**Source data**:

----

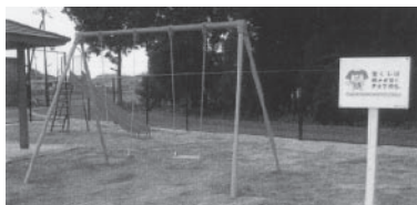
▲頓宮区に設置された遊具

問い合わせ 市民活動推進課 市民活動担当 ☎ 65-0687 ☎ 63-4554
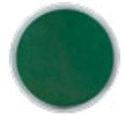
H078 LUXE Green Aventurine
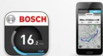
Application Bosch pour smartphones eBike Connect

Nyon n'est pas seulement une petite merveille de la technologie parfaitement ergonomique, agréable au toucher, très esthétique, et qu'on a plaisir à utiliser. C'est aussi un ordinateur intelligent qui vous donne accès à tout ce dont vous avez besoin sur votre vélo électrique : navigation, assistance au pédalage, informations sur l'autonomie, indicateurs de forme physique, et bien d'autres choses encore. Nyon les réalise en réseau avec l'application pour smartphone eBike Connect et le portail eBike-Connect.com .
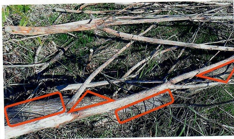
Foto 1 Na čerstvo spílených ohryzových drevinách (v tomto prípade rakyty) nachádza jelenia zver významný a ľahko dostupný potravinový zdroj. Avšak v prípade ležaniny, vzájomne nakopenej, je prekrytý povrch kmeňa na obhryz kôry horšie dostupný, vid'. segmenty kmeňa bez obhryzu vyznačené červenou farbou.

Treba si uvedomiť, že spílením stromu sa prístupňuje aj tá jeho časť, na ktorú zver pred spílením nedosiahne. Pokiaľ ide o jeleniu zver, týka sa to vzdialenosti od úrovne pôdy približne nad 2 metre. Ležiaci strom sa zveri obhryzá pohodlnejšie ako stojaci strom (horizontálna plocha verzus vertikálna). V prípade konárov je komfort odhryzu približne rovnaký, spílením sa len zvyšuje množstvo prístupných konárov. Na druhej strane spílený strom poskytuje zveri potravu len relatívne krátke obdobie, konkrétne pokým konáre a kôra nezaschnú. Naše zistenia
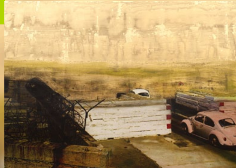
Grenzerfahrungen: Heinrich-Heine-Straße II, Mixed Media auf Print von Thomas Kälberloh 2021
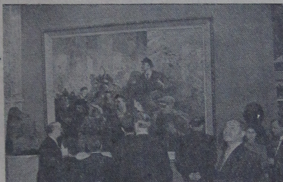
Москва, В Центральном выставочном зале открылась художественная выставка «Советская Россия». На снимке: посетители у картины художника Н. Бабюка «Ленин».

Однако, глядя на эту вую молодежь, с глубокостью чувствуешь, что д ляг сочтены, что их день становится все меньше эти уроды в прекрасной ветской молодежи не мтвность ее стремлению не прекрасному, к настоящей культуре.
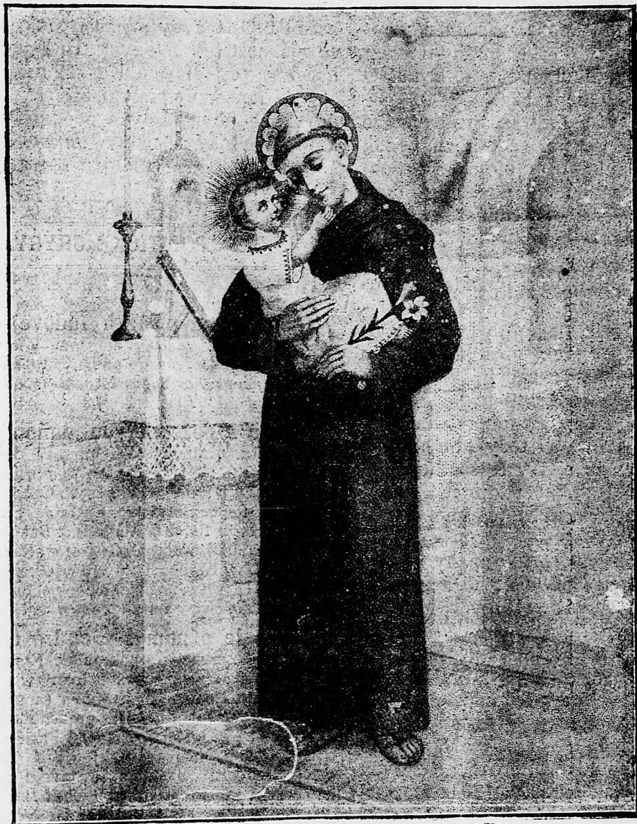
Sv. Anton z Paduy.

sem sa majú posielat predplatky, jako i de- pisy do novin, ohlášky a náhodné reklamácie. Cena jedneho 5 stĺpcového malého riadku je 10 kr. Rukopisy sa naspák nedávajú.
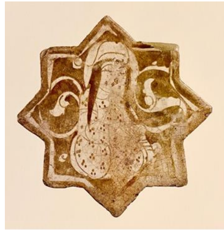
Şekil 2: Lister Çini, 12.yy son çeyreği Selçuklu, Sadberg Hanım Müzesi
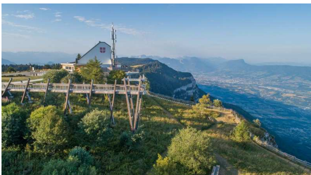
Belvédère du Revard (V4)
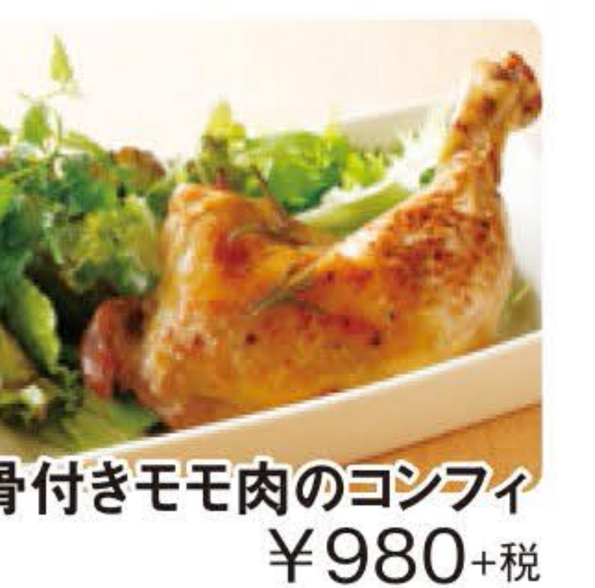
骨付きモモ肉のコンフィ ¥980+税

----

**PROBLEM REQUIREMENTS**: Retype each line above exactly. Leave the images out.

**SOLUTION TO THE EXERCISE**:
▲頓宮区に設置された遊具

問い合わせ 市民活動推進課 市民活動担当 ☎ 65-0687 ☎ 63-4554
H078 LUXE Green Aventurine
Application Bosch pour smartphones eBike Connect

Nyon n'est pas seulement une petite merveille de la technologie parfaitement ergonomique, agréable au toucher, très esthétique, et qu'on a plaisir à utiliser. C'est aussi un ordinateur intelligent qui vous donne accès à tout ce dont vous avez besoin sur votre vélo électrique : navigation, assistance au pédalage, informations sur l'autonomie, indicateurs de forme physique, et bien d'autres choses encore. Nyon les réalise en réseau avec l'application pour smartphone eBike Connect et le portail eBike-Connect.com .
Foto 1 Na čerstvo spílených ohryzových drevinách (v tomto prípade rakyty) nachádza jelenia zver významný a ľahko dostupný potravinový zdroj. Avšak v prípade ležaniny, vzájomne nakopenej, je prekrytý povrch kmeňa na obhryz kôry horšie dostupný, vid'. segmenty kmeňa bez obhryzu vyznačené červenou farbou.

Treba si uvedomiť, že spílením stromu sa prístupňuje aj tá jeho časť, na ktorú zver pred spílením nedosiahne. Pokiaľ ide o jeleniu zver, týka sa to vzdialenosti od úrovne pôdy približne nad 2 metre. Ležiaci strom sa zveri obhryzá pohodlnejšie ako stojaci strom (horizontálna plocha verzus vertikálna). V prípade konárov je komfort odhryzu približne rovnaký, spílením sa len zvyšuje množstvo prístupných konárov. Na druhej strane spílený strom poskytuje zveri potravu len relatívne krátke obdobie, konkrétne pokým konáre a kôra nezaschnú. Naše zistenia
Grenzerfahrungen: Heinrich-Heine-Straße II, Mixed Media auf Print von Thomas Kälberloh 2021
Москва, В Центральном выставочном зале открылась художественная выставка «Советская Россия». На снимке: посетители у картины художника Н. Бабюка «Ленин».

Однако, глядя на эту вую молодежь, с глубокостью чувствуешь, что д ляг сочтены, что их день становится все меньше эти уроды в прекрасной ветской молодежи не мтвность ее стремлению не прекрасному, к настоящей культуре.
Sv. Anton z Paduy.

sem sa majú posielat predplatky, jako i de- pisy do novin, ohlášky a náhodné reklamácie. Cena jedneho 5 stĺpcového malého riadku je 10 kr. Rukopisy sa naspák nedávajú.
Şekil 2: Lister Çini, 12.yy son çeyreği Selçuklu, Sadberg Hanım Müzesi
Belvédère du Revard (V4)
骨付きモモ肉のコンフィ ¥980+税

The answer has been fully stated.